Au moment où mon téléphone a sonné, je me suis assis sur le bord de mon lit, un peu hébété. J’ai décroché par habitude.
Une sorte de réflexes primal que l’on a dans les petites maternité − ces maternités où les sages-femmes ont parfois encore une chambre de garde et où, si la nuit est calme propice, on peut espérer s’allonger quelques heures. Ces pièces sont une survivance d’un ancien temps ; les plus vieilles expérimentées parlent de leurs vingt-quatre heures, de leurs records imbattables, on y décèle une pointe de nostalgie fière.
Et donc, dans cette pièce mal chauffée, dont le mérite principale est généralement d’avoir un lit pour accueillir les manteaux, et d’un placard pour les blouses, quand le sage-femme qui s’étend a près de son cœur le téléphone des urgences. Oh il ne va pas dormir. Juste un peu fermer les yeux et…
Parfois on se réveille à cinq heure et demi, les yeux un peu collés, prêt à remettre ses sabots, pour qu’une patiente nous informe de son angoisse nocturne. On ne dormait pas, hein, mais on lui demande de répéter la question, histoire d’ajuster les neurones, on rassure, on raccroche. Et comme il est finalement pas loin de six heures on passe une tête dans l’office pour boire un verre d’eau et lancer le café.
Parfois l’aide-soignante fait de son mieux ne pas paniquer en nous disant que la quatrième pare qui vient d’arriver dans le couloir des urgences souffle quand même vachement fort.
D’où les sabots au bord du lit.
Rapport que faire un accouchement sans ses sabots, c’est une idée qui peut s’avérer humide.
Depuis que j’ai ouvert mon cabinet j’ai reçu deux appels nocturnes, je pense de la même personne.
J’étais toujours en province à ce moment là, en repos. Mon téléphone pro aurait dû se trouver éteint dans mon sac.
Il sortait sans doute du travail, à deux heures du mat, et il cherchait une femme pour s’amuser un peu. Du coup il s’est dit qu’une sage-femme était une bonne option, il m’a demandé si j’avais quelqu’un pour lui, pour l’aider à se détendre, et comme il était dans le quartier du cabinet, je lui ai proposé poliment d’aller voir ailleurs.
Ou peut-être que je lui ai donné l’adresse d’un commissariat. Il était deux heures du matin, après-tout.
Tout ça pour vous dire qu’on ne change pas.

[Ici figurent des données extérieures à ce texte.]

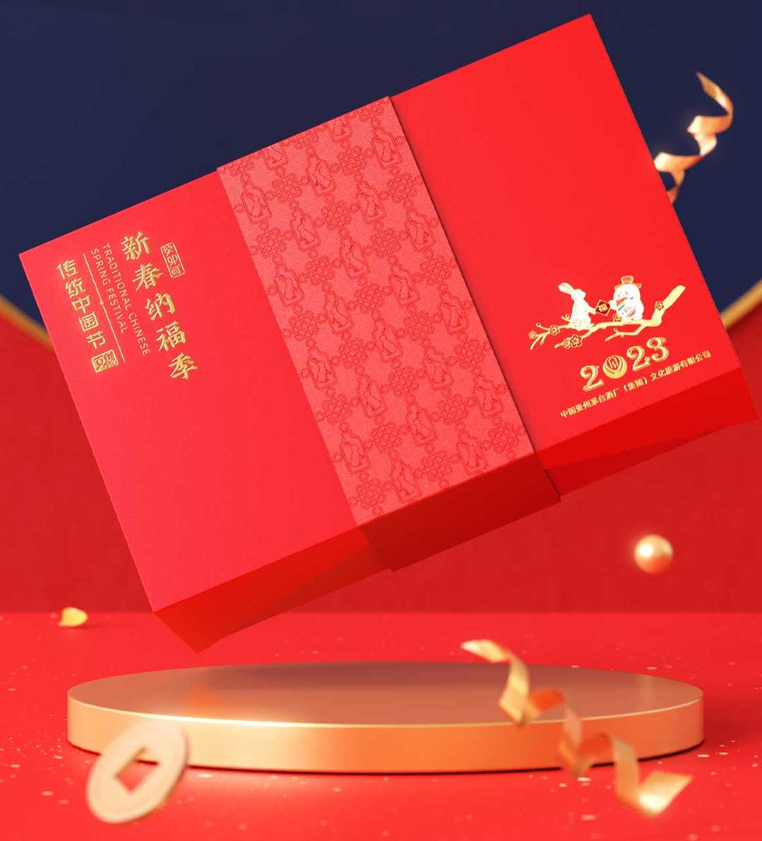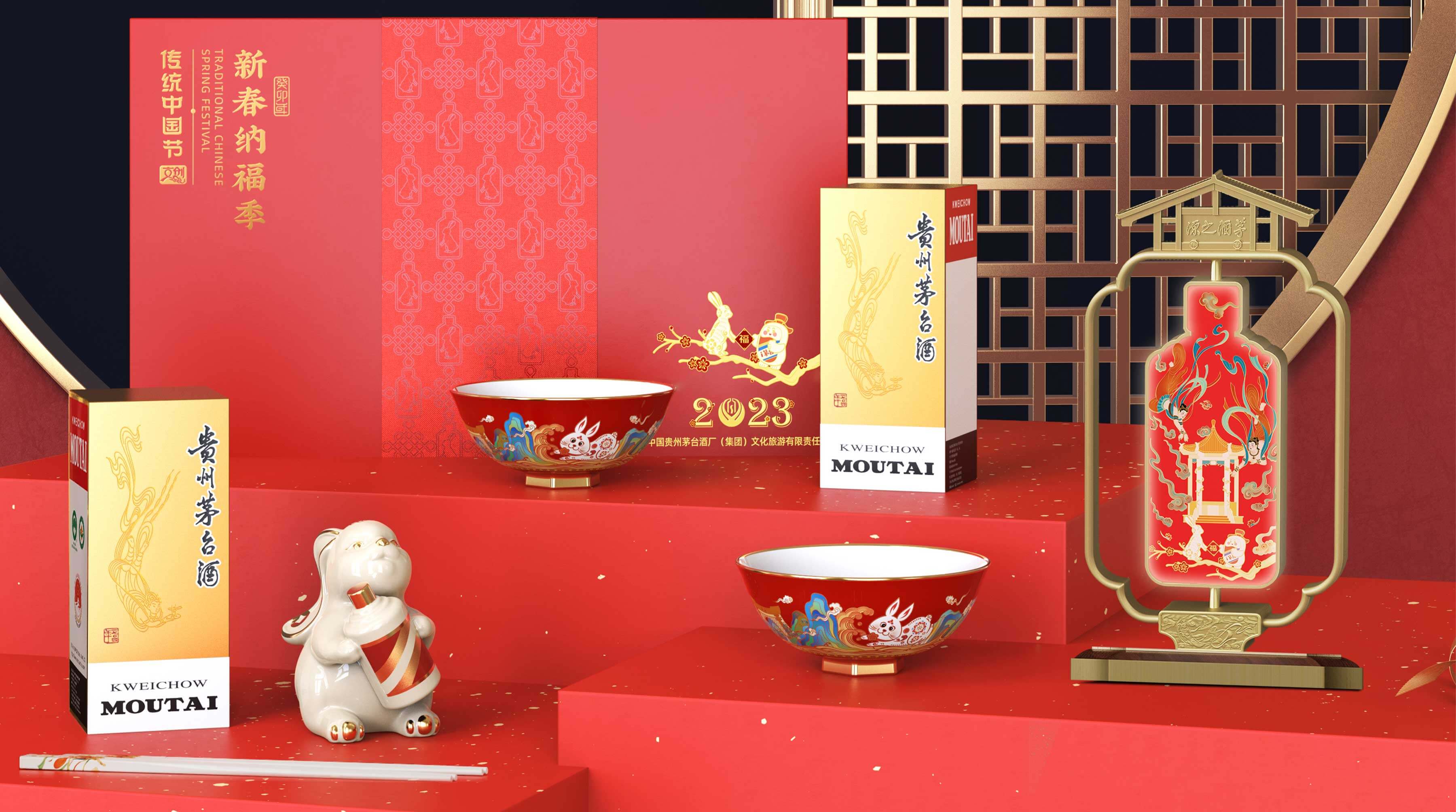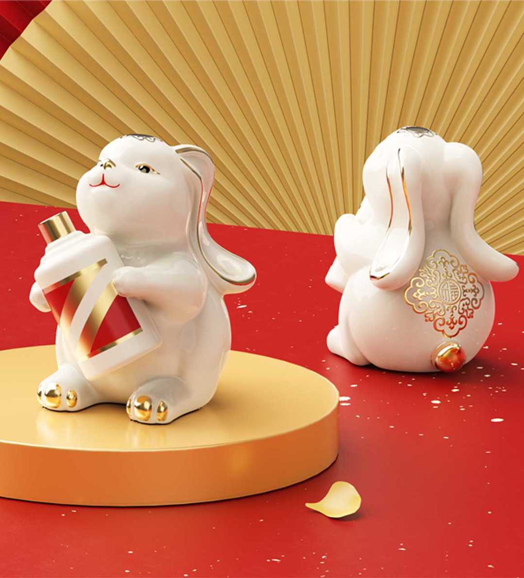 吉祥的玉免視覺手執(zhí)新春梅花傳承非遺剪紙技藝,傳遞新春的喜悅與祝福,赤水河環(huán)繞在碗底,寓意福水長流楊柳灣古井、茅臺正大門青綠山水之間,躍然于碗邊傳遞著深厚的茅臺文化,圓碗方底,方圓結(jié)合,更顯古韻。

Comme dans une autre vie, j’ai basculé sur le bord du lit, j’ai cherché mes sabots, puis j’ai chuchoté un « Allo » approximatif.
« Jimmy ! Je voulais parler à ta chérie. Elle décroche pas. »
Mais voyons, il est trois heures du matin, je sais bien qu’elle décroche pas. Quelle idée d’appeler à cette heure là. Ça a intérêt à être important.
Puis mon moi normal a pris le dessus, a reconnu la voix. J’ai fait le lien.
« Oh.
− Je crois que le travail a commencé. On va à l’hôpital. Je vais appeler pour savoir qui est aux urgences. »
J’ai secoué doucement ma moitié, je lui ai expliqué la situation.
« Oh » qu’elle m’a dit.
Malgré son addiction ancienne elle a descendu une canette de boisson énergétique, en a recraché la moitié, puis a sautillé d’excitation en attendant la réponse de son VTC. « Oh. Mon. Dieu ». Puis après un bisous de courage, elle a filé à la maternité pour assister sa collègue et amie dans ce qui promettait d’être une matinée très riche en émotion.
Et ensuite j’ai essayé de me recoucher.
Essayez de vous rendormir après un truc pareil.